(DATA SHOWN)
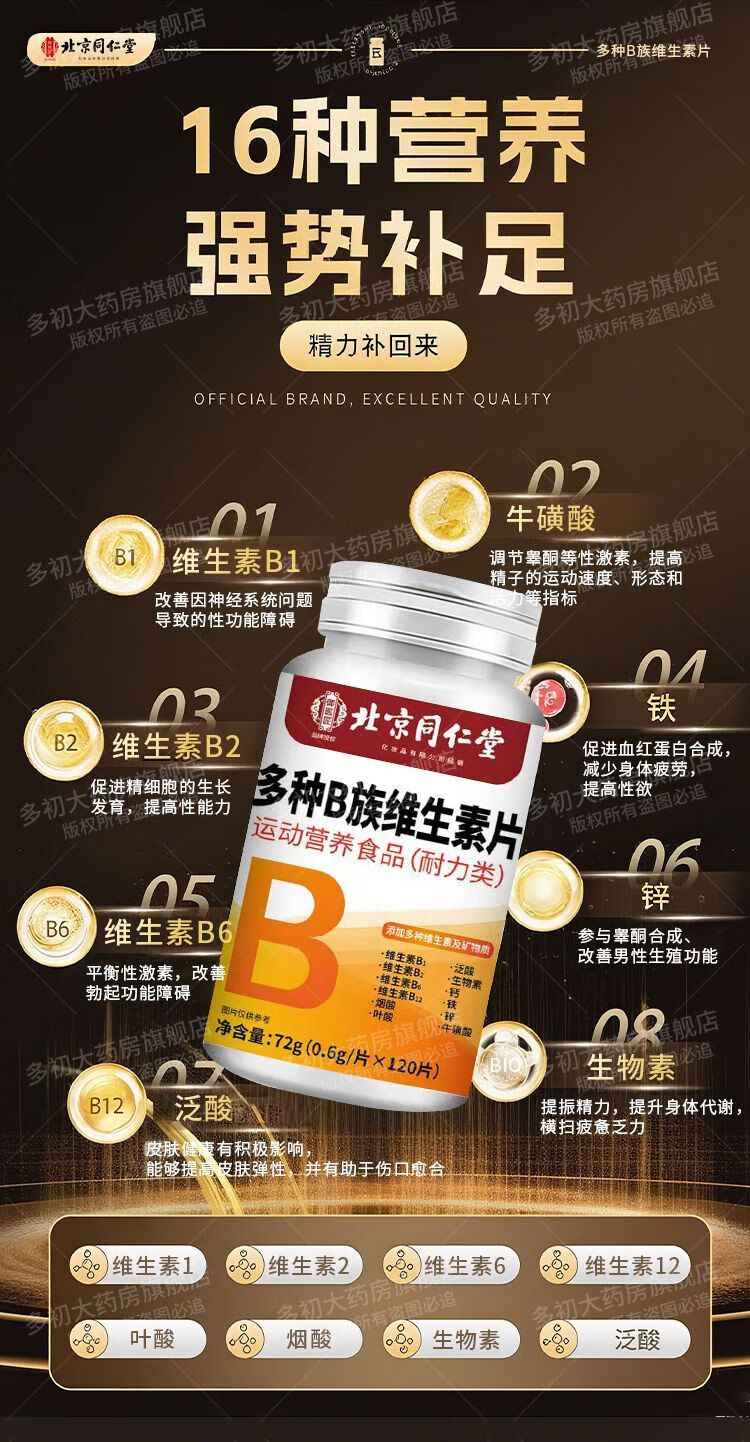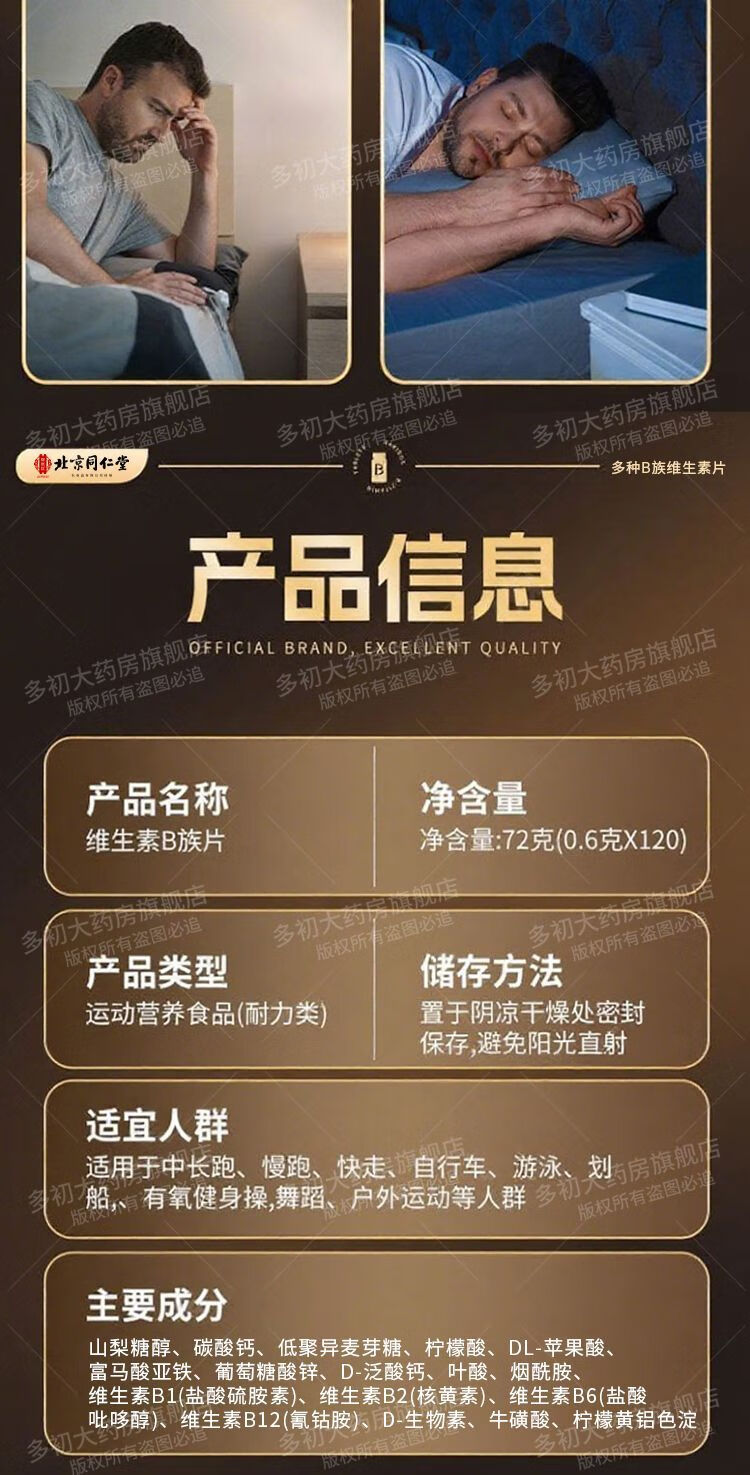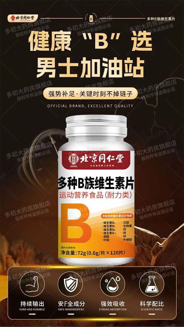 Beijing Tongrentang Concentrated Multivitamin B Complex Tablets 120 Tablets, Chinese Herbal Medicine for Promoting and Replenishing Essence and Replenishing the Body to Stay Up Late Beijing Tongrentang 2 Bottles, 240 Tablets, Powerful and Energetic
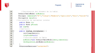 Este documento describe listas doblemente enlazadas y listas circulares. Las listas doblemente enlazadas tienen cada nodo enlazado tanto al nodo anterior como al siguiente, lo que permite recorrer la lista en ambas direcciones. Las listas circulares enlazan el último nodo con el primero, formando un bucle. El documento explica cómo implementar estas estructuras de datos, incluidas operaciones como insertar, eliminar y buscar nodos. También propone construir una aplicación para el registro de empleados utilizando estas listas.
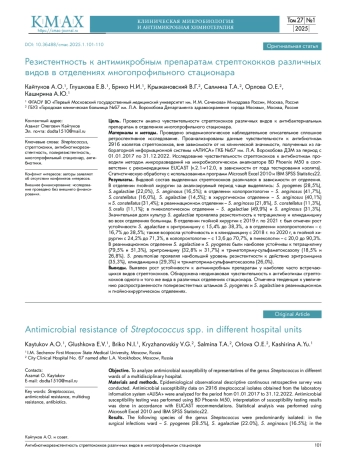 Выводы. Выявлен рост устойчивости к антимикробным препаратам у наиболее часто встречающихся видов стрептококков. Обнаружена неодинаковая чувствительность к антибиотикам стрептококков одного и того же вида в различных отделениях стационара. Отмечена тенденция к увеличению распространенности полирезистентных штаммов S. pyogenes и S. agalactiae в реанимационном и гнойно-хирургическом отделениях.
(End DATA SHOWN)
*YOUR GOAL*
An exact transcription of the data above is needed, without the pictures.

*RESULT*
 Beijing Tongrentang Concentrated Multivitamin B Complex Tablets 120 Tablets, Chinese Herbal Medicine for Promoting and Replenishing Essence and Replenishing the Body to Stay Up Late Beijing Tongrentang 2 Bottles, 240 Tablets, Powerful and Energetic
 Este documento describe listas doblemente enlazadas y listas circulares. Las listas doblemente enlazadas tienen cada nodo enlazado tanto al nodo anterior como al siguiente, lo que permite recorrer la lista en ambas direcciones. Las listas circulares enlazan el último nodo con el primero, formando un bucle. El documento explica cómo implementar estas estructuras de datos, incluidas operaciones como insertar, eliminar y buscar nodos. También propone construir una aplicación para el registro de empleados utilizando estas listas.
 Выводы. Выявлен рост устойчивости к антимикробным препаратам у наиболее часто встречающихся видов стрептококков. Обнаружена неодинаковая чувствительность к антибиотикам стрептококков одного и того же вида в различных отделениях стационара. Отмечена тенденция к увеличению распространенности полирезистентных штаммов S. pyogenes и S. agalactiae в реанимационном и гнойно-хирургическом отделениях.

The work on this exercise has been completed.